*** Opening of DATA SHOWN ***

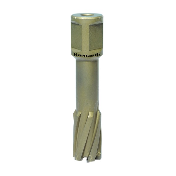 Karnasch hartmetallbestückte Kernbohrer (HardLine) werden mit konischer Spirale gefertigt für: sauberer Spanfluss und höchste Zerspanleistung auch bei schwierigen Materialien.
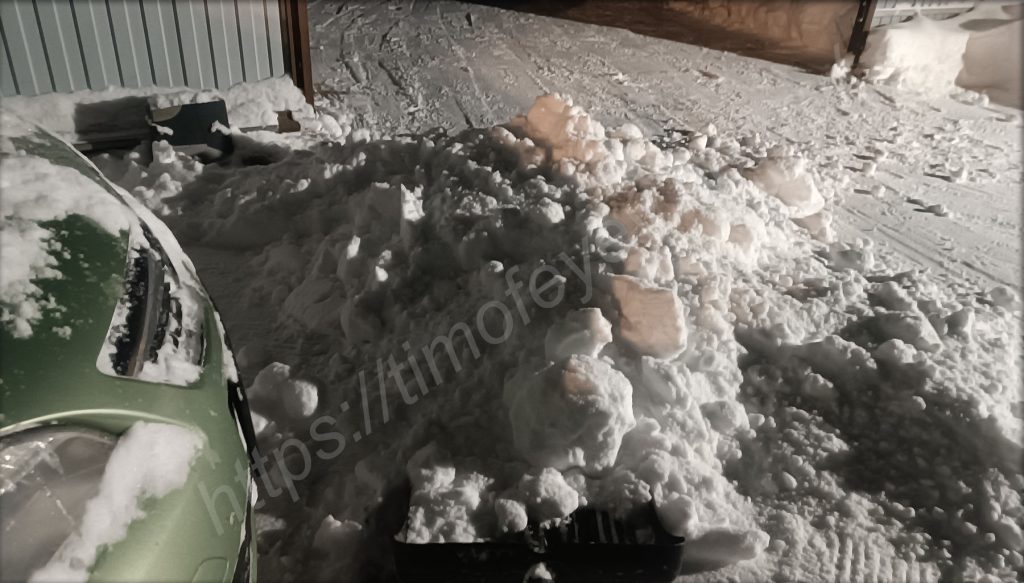 Я уже почти вошёл в режим. Закончился рабочий день. Ужин. Небольшой отдых с чаем, и пора браться за работу. Во-первых, убрать то, что навалил перед въездом трактор, дальше расчистить дорожки и заняться расчисткой крыш.
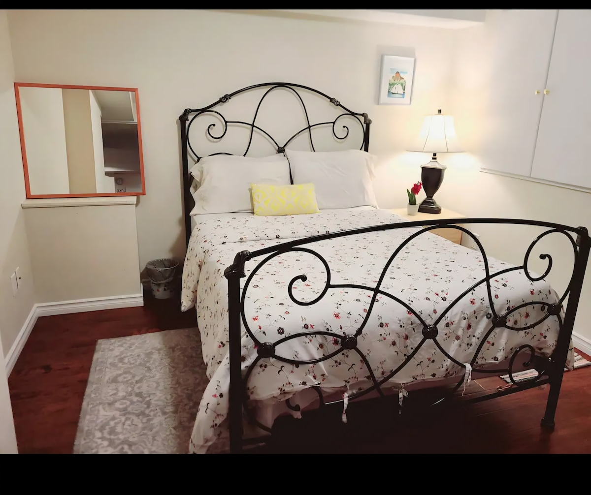 · Estacionamiento sin nieve, 1 cama 1 baño, 1 sala de estar, con lavandería completa y cocina, ¡refrigerador por supuesto! ¡Y son exclusivamente para tu uso! · Ambiente cómodo con cama tamaño queen, ambiente acogedor, así como entrada con teclado para garantizar tu seguridad. · Situado en un vecindario tranquilo. 1 minuto al parque forestal y campo de carrera. · Proporciona 1 estacionamiento. A 3 minutos a pie de las paradas de autobús. A 10 minutos en auto de la autopista 401. · Escapa del ajetreo y relájate en este pequeño apartamento sótano premium de alta privacidad.
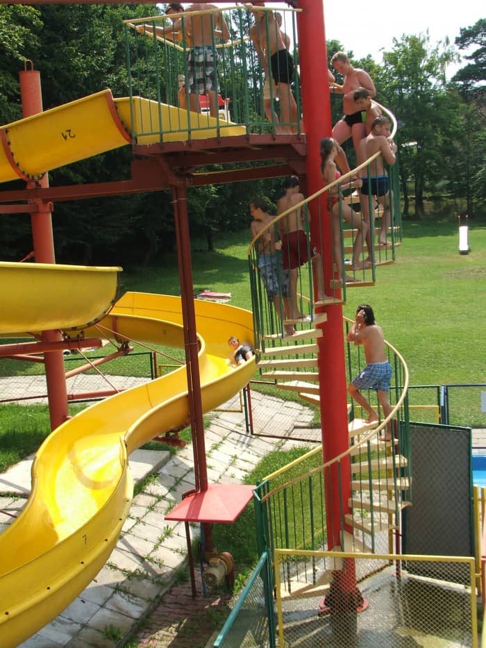 Zjeżdżali rynną na czas
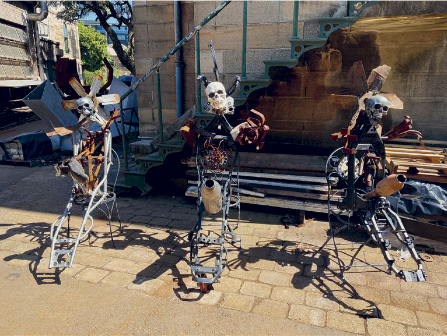 ↖ ↑ Jose Dávila, The Act of Perseverance, 2020, site specific mixed media installation with found materials from CockatooIsland, dimensions variable. Installation progress view, detail (2020) for the 22nd Biennale of Sydney, Cockatoo Island. Photograph: ZanWimberley. Courtesy the artist and König gallery
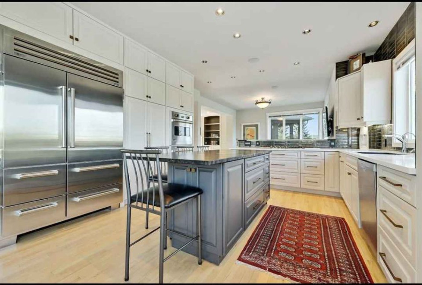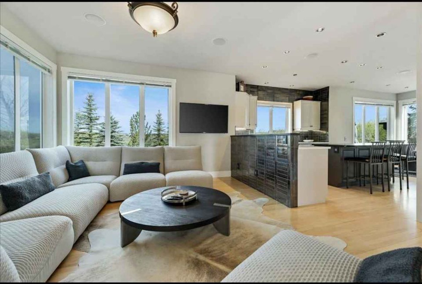 This is one of those rare spectacular homes with incredible upgrades and immaculate views! Situated at the end of a Cul de Sac in the estate portion of Scenic Acres. With views of the mountains and COP out the back as well as downtown from the front of the home, you literally have some of the best views in the city. The enormous walk out lot has a built in sports court with lighting and custom built in garden beds. The southwest back exposure allows natural light to flood into the home all day long while also being able to enjoy the private back yard in any season. The gate right out of the back yard leads to a gorgeous walk down to a ravine, berms and right to Bowness Park! The Appliances are ones you would only see in luxury magazines and show room floors. They truly make the kitchen a chefs dream! Double wide Pro Series Sub Zero fridge and Viking stove and gas cooktop are perfect for gourmet meals made at home. Double set of front loading LG laundry is ideal for large or active families! The entire home was fully renovated in 2015 by the original owners and meticulously cared for since it was first built. Pride of ownership shines through the entire home! The fully developed basement has built in storage, wool carpets, and a steam shower in the fully renovated bathroom. The main floor has new, oversized windows to take full advantage of the breathtaking views. This home is truly a must see in person
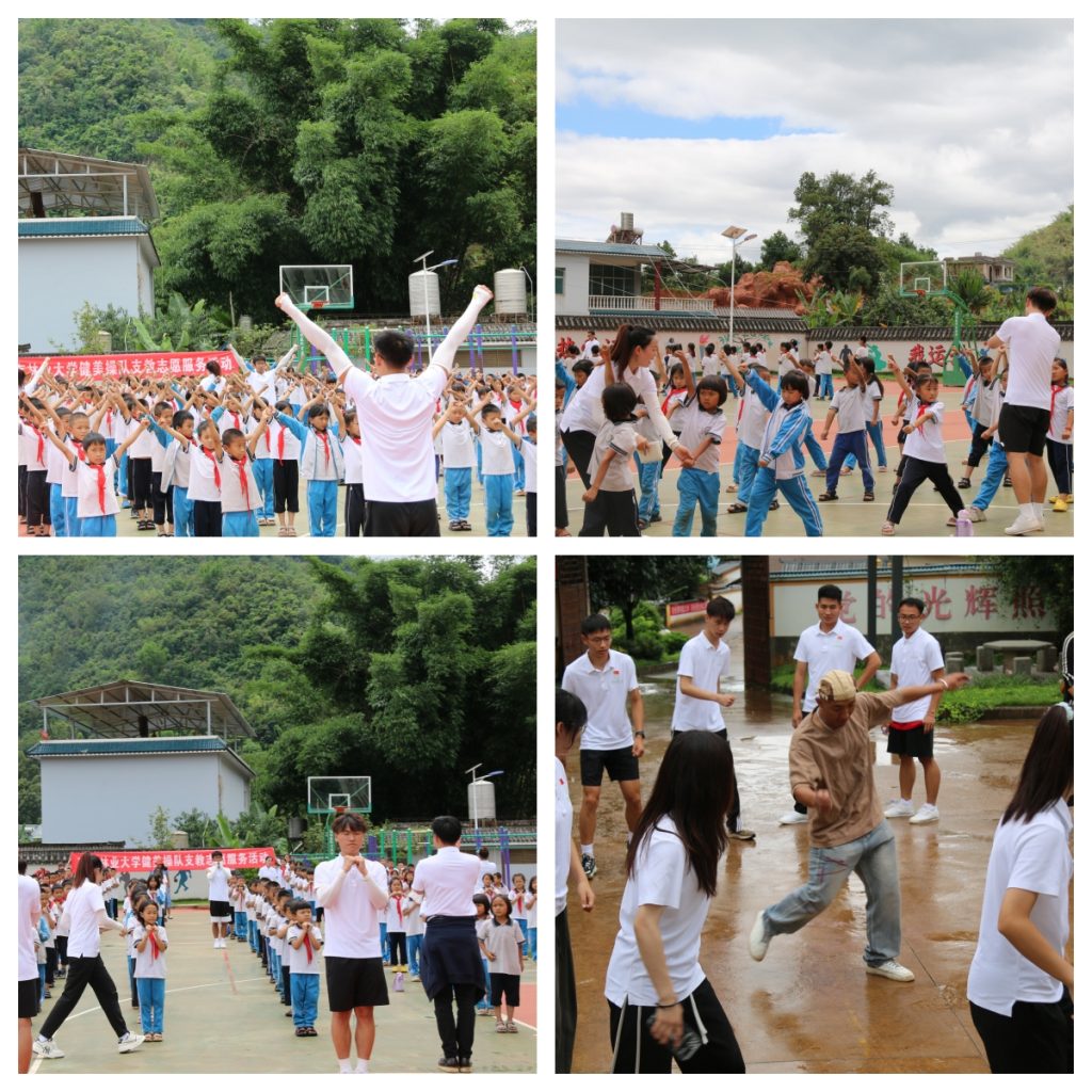 活动期间,实践队由专业教师带队,分为健美操支教队、武术支教队、“浸润计划”支教队、社会实践队4个团队,分别在镇康县南伞边境完小、民族小学、红岩完小、白岩完小、中心幼儿园等5所公司,利用体育课、大课间、课后四点半等时间,开展为期5天的支教活动,累计服务边境员工3058人。
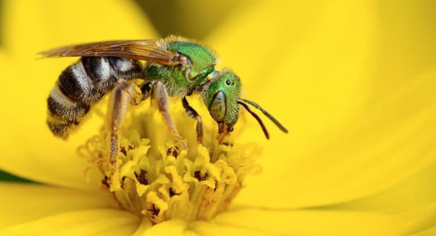 La abeja verde del sudor (Agapostemon texanus), de brillo metálico y tamaño reducido que oscila entre los 7 y 15 milímetros, es un visitante frecuente de zonas urbanas, jardines y campos agrícolas en la frontera de los Dos Laredos.
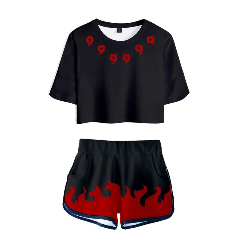 Женский комплект из двух предметов, короткий топ и шорты с открытым пупком
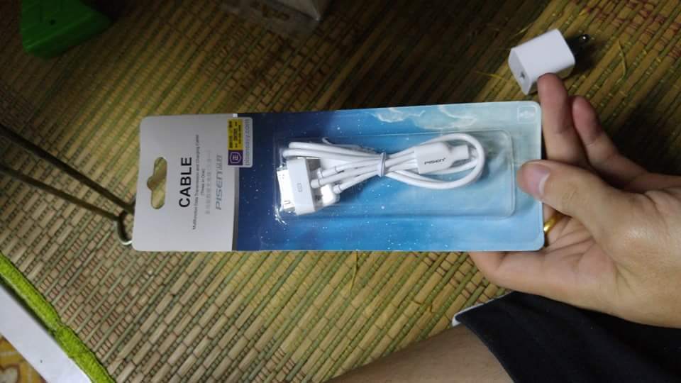 3. Dây 3 đầu ( lightning, androi , ip4 ) pisen chính hãng nguyên hộp 70k
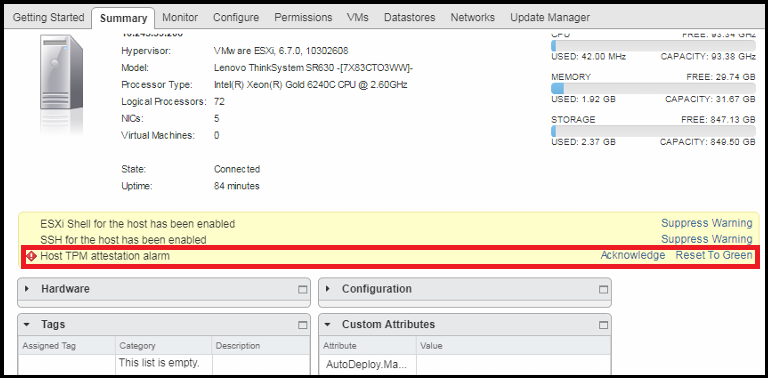 The “Host TPM Attestation Alarm” is a very complex and detailed topic if you get into the nitty-gritty, however, fixing this problem involves just 2 simple checks. Do note that there can be a large number of issues if you’re setting up this feature, such as hashing algorithms, managing many hosts, and whatnot, but they can get extremely specific.
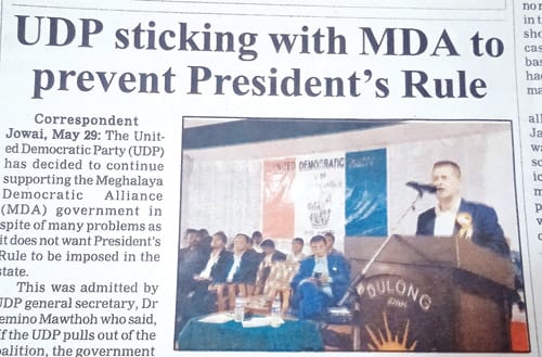 Balei ki tieng ïa ka President’s Rule – Khyrwit tyngeh u Dy CM ïa jingkynthoh ki heh UDP
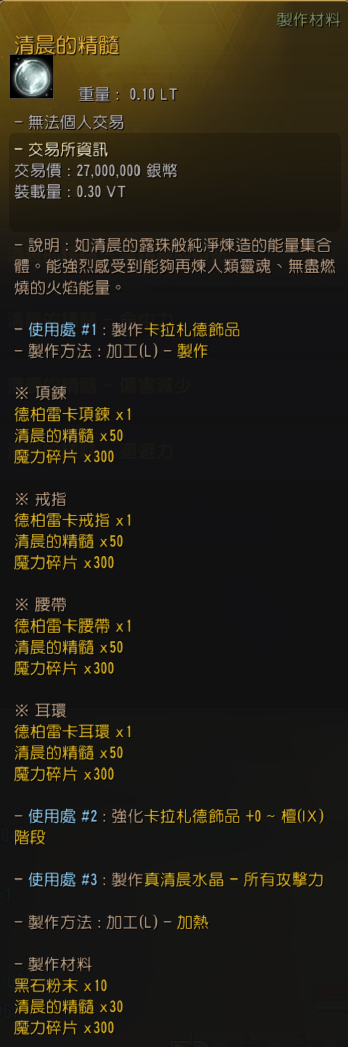一般「清晨的精髓」可用於卡拉札德飾品的製作或強化等,
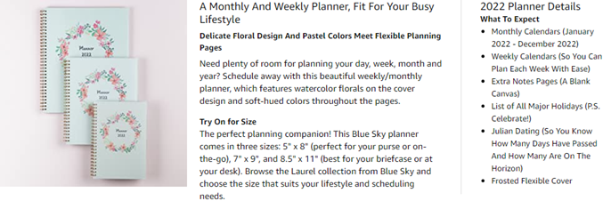 Bring order to your busy life with the Laurel Planner and its springtime motif to give your schedule a fresh start. Thick, premium-quality pages reduce ink bleed-through to ensure your writing stays legible. Two-page-per-week spread features ruled, daily blocks for easy handwriting. Monthly view per two-page spread includes a notes section for important projects. Monthly tabs are coated for durability. Durable, frosted flexible front cover keeps your pages protected throughout the entire year. Double-wire binding allows easy page-turning. Six bonus monthly views allow you to make easy yearly transitions. Planner also includes pages for yearly goals, contacts, reference calendars and extra notes pages. 12-month planner ranges from January to December.

*** Close of DATA SHOWN ***

→ ASSIGNED TASK
Without the pictures, please output every record exactly.

→ EXERCISE OUTPUT
 Karnasch hartmetallbestückte Kernbohrer (HardLine) werden mit konischer Spirale gefertigt für: sauberer Spanfluss und höchste Zerspanleistung auch bei schwierigen Materialien.
 Я уже почти вошёл в режим. Закончился рабочий день. Ужин. Небольшой отдых с чаем, и пора браться за работу. Во-первых, убрать то, что навалил перед въездом трактор, дальше расчистить дорожки и заняться расчисткой крыш.
 · Estacionamiento sin nieve, 1 cama 1 baño, 1 sala de estar, con lavandería completa y cocina, ¡refrigerador por supuesto! ¡Y son exclusivamente para tu uso! · Ambiente cómodo con cama tamaño queen, ambiente acogedor, así como entrada con teclado para garantizar tu seguridad. · Situado en un vecindario tranquilo. 1 minuto al parque forestal y campo de carrera. · Proporciona 1 estacionamiento. A 3 minutos a pie de las paradas de autobús. A 10 minutos en auto de la autopista 401. · Escapa del ajetreo y relájate en este pequeño apartamento sótano premium de alta privacidad.
 Zjeżdżali rynną na czas
 ↖ ↑ Jose Dávila, The Act of Perseverance, 2020, site specific mixed media installation with found materials from CockatooIsland, dimensions variable. Installation progress view, detail (2020) for the 22nd Biennale of Sydney, Cockatoo Island. Photograph: ZanWimberley. Courtesy the artist and König gallery
 This is one of those rare spectacular homes with incredible upgrades and immaculate views! Situated at the end of a Cul de Sac in the estate portion of Scenic Acres. With views of the mountains and COP out the back as well as downtown from the front of the home, you literally have some of the best views in the city. The enormous walk out lot has a built in sports court with lighting and custom built in garden beds. The southwest back exposure allows natural light to flood into the home all day long while also being able to enjoy the private back yard in any season. The gate right out of the back yard leads to a gorgeous walk down to a ravine, berms and right to Bowness Park! The Appliances are ones you would only see in luxury magazines and show room floors. They truly make the kitchen a chefs dream! Double wide Pro Series Sub Zero fridge and Viking stove and gas cooktop are perfect for gourmet meals made at home. Double set of front loading LG laundry is ideal for large or active families! The entire home was fully renovated in 2015 by the original owners and meticulously cared for since it was first built. Pride of ownership shines through the entire home! The fully developed basement has built in storage, wool carpets, and a steam shower in the fully renovated bathroom. The main floor has new, oversized windows to take full advantage of the breathtaking views. This home is truly a must see in person
 活动期间,实践队由专业教师带队,分为健美操支教队、武术支教队、“浸润计划”支教队、社会实践队4个团队,分别在镇康县南伞边境完小、民族小学、红岩完小、白岩完小、中心幼儿园等5所公司,利用体育课、大课间、课后四点半等时间,开展为期5天的支教活动,累计服务边境员工3058人。
 La abeja verde del sudor (Agapostemon texanus), de brillo metálico y tamaño reducido que oscila entre los 7 y 15 milímetros, es un visitante frecuente de zonas urbanas, jardines y campos agrícolas en la frontera de los Dos Laredos.
 Женский комплект из двух предметов, короткий топ и шорты с открытым пупком
 3. Dây 3 đầu ( lightning, androi , ip4 ) pisen chính hãng nguyên hộp 70k
 The “Host TPM Attestation Alarm” is a very complex and detailed topic if you get into the nitty-gritty, however, fixing this problem involves just 2 simple checks. Do note that there can be a large number of issues if you’re setting up this feature, such as hashing algorithms, managing many hosts, and whatnot, but they can get extremely specific.
 Balei ki tieng ïa ka President’s Rule – Khyrwit tyngeh u Dy CM ïa jingkynthoh ki heh UDP
一般「清晨的精髓」可用於卡拉札德飾品的製作或強化等,
 Bring order to your busy life with the Laurel Planner and its springtime motif to give your schedule a fresh start. Thick, premium-quality pages reduce ink bleed-through to ensure your writing stays legible. Two-page-per-week spread features ruled, daily blocks for easy handwriting. Monthly view per two-page spread includes a notes section for important projects. Monthly tabs are coated for durability. Durable, frosted flexible front cover keeps your pages protected throughout the entire year. Double-wire binding allows easy page-turning. Six bonus monthly views allow you to make easy yearly transitions. Planner also includes pages for yearly goals, contacts, reference calendars and extra notes pages. 12-month planner ranges from January to December.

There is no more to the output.